Plutôt que de s’attacher aux flux, Denis Ferrand, directeur général de Rexecode, préfère aborder le sujet sous l’angle des stocks : « Si l’on regarde la part des entreprises étrangères dans la valeur ajoutée, nous sommes derrière l’Allemagne et l’Italie, précise-t-il. Il est essentiel de les attirer, encore faut-il retenir nos propres acteurs sur notre territoire. Or, sur les quinze dernières années, les flux sortants cumulés ont dépassé les investissements directs étrangers réalisés en France. La souveraineté ne se décrète pas, elle doit être mise en cohérence avec une véritable stratégie d’attractivité ». Une gageure dans un pays où l’endettement public limite la marge de manœuvre pour mettre en place des politiques incitatives.
Concurrence européenne
Il est grand temps de réagir. « Nos lauriers français commencent à faner : les signes de dégradation exposés dans le baromètre doivent être pris au sérieux, alerte l’expert d’EY. Si l’on continue sur cette lancée, le solde d’emplois industriels créés et supprimés en France par des investisseurs étrangers pourrait passer dans le rouge dès l’année prochaine ». D’autant que la concurrence s’intensifie en Europe. « Pour les gros projets, les arbitrages se font de plus en plus au profit de l’Espagne ou de la Pologne qui, même si ces pays n’ont pas la profondeur de marché de la France, bénéficient de fonds européens et affichent des coûts plus compétitifs ainsi que des délais plus courts », poursuit-il. A l’Est, la Pologne et la Roumanie ont connu un rebond des investissements à deux chiffres l’an dernier. En termes d’emplois créés, c’est la Hongrie qui ressort gagnante, avec une croissance de 249 % portée par les annonces du constructeur automobile chinois BYD et de ses sous-traitants étrangers.

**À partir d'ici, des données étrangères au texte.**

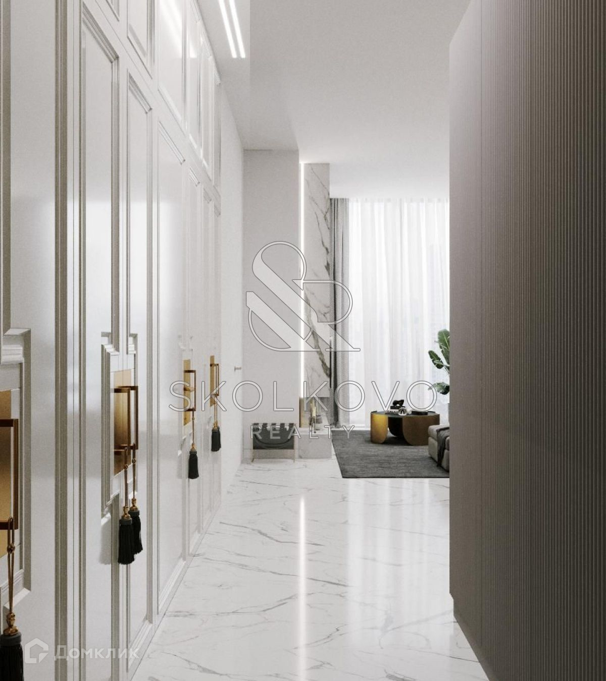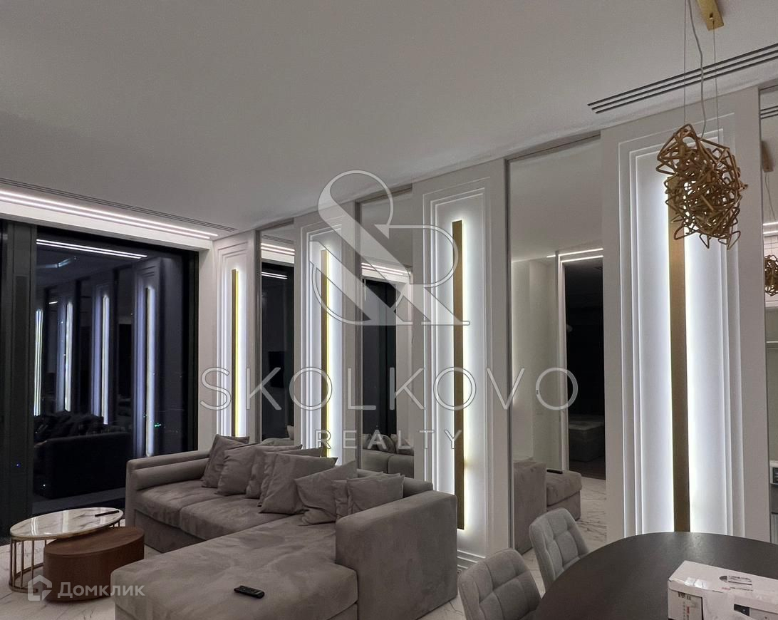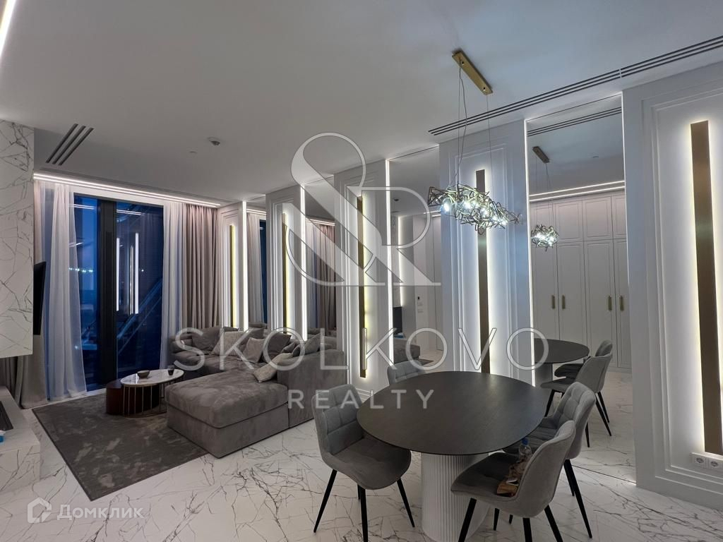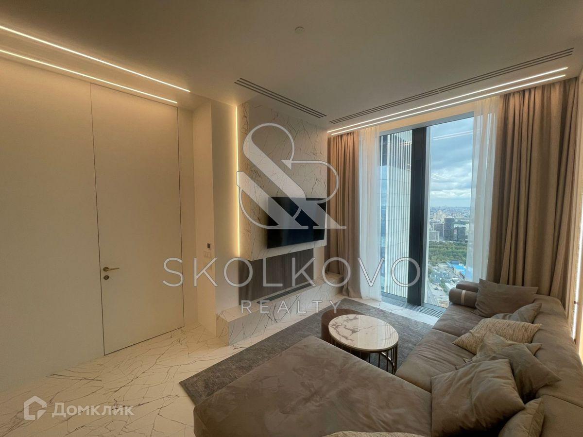 Квартира расположена на 45 этаже 78-этажного дома. Из окон открывается панорамный вид на Москву-реку.

Reste que l’amélioration ne peut être pensée à la seule échelle nationale. Les entreprises attendent une réelle avancée sur les préconisations du rapport Letta et Draghi et des réformes paneuropéennes, indique Marc Lhermitte. Lors d’un récent déplacement au Japon, Emmanuel Macron a vanté un atout clé de l’Europe : la prévisibilité. A l’approche de l’élection présidentielle de 2027, plus que jamais, c’est justement en France qu’elle n’est plus garantie.